Supreme Court, Appellate Division, First Department, New York.

251 CPW LLC, et al., Plaintiffs-Appellants, v. 257 CENTRAL PARK WEST, INC., et al., Defendants-Respondents.

Decided: June 17, 2008

ANDRIAS, J.P., FRIEDMAN, BUCKLEY, CATTERSON, ACOSTA, JJ. Gale Fieldman, New York, for appellants. Schechter & Brucker, P.C., New York (David H. Ostwald of counsel), for respondents.

Order and judgment (one paper), Supreme Court, New York County (Leland DeGrasse, J.), entered on or about July 23, 2007, which granted defendants' motion for summary judgment and dismissed the complaint, and denied plaintiffs' cross motion for leave to amend, unanimously affirmed, with costs.
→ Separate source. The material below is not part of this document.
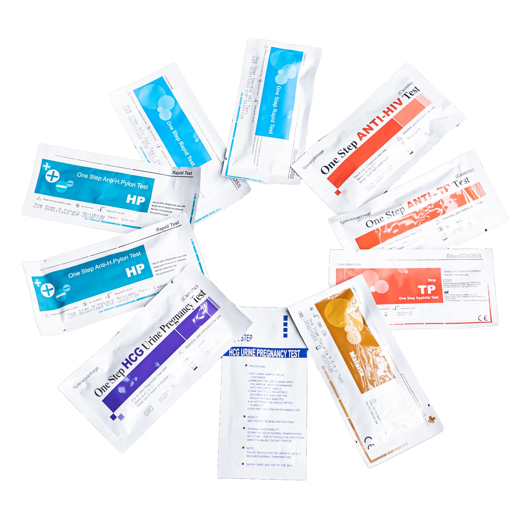test kits, infectious diseases test kits, sexually transmitted diseases test kits, tumor marker testkits and drug of abuse test kits. Our facility is GMP, ISO9001 and ISO13485 certified and we have CE approvals.

 The court properly concluded that plaintiffs have not acquired an easement in defendant 257 Inc.'s portion of the alleyway.   No easement by prescription exists since there is no showing that plaintiffs' use was hostile and adverse (see Amalgamated Dwellings, Inc. v. Hillman Hous. Corp., 33 A.D.3d 364, 822 N.Y.S.2d 499 [2006];  Bookchin v. Maraconda, 162 A.D.2d 393, 557 N.Y.S.2d 46 [1990];  see also Morales v. Riley, 28 A.D.3d 623, 813 N.Y.S.2d 518 [2006] ).   Nor may an easement be implied from plaintiffs' pre-existing use of the alleyway.   Plaintiffs have failed to make a showing of reasonable necessity, a necessary element for such an easement (see Turner v. Baisley, 197 A.D.2d 681, 602 N.Y.S.2d 907 [1993] );  use as a “mere convenience” is insufficient (id.).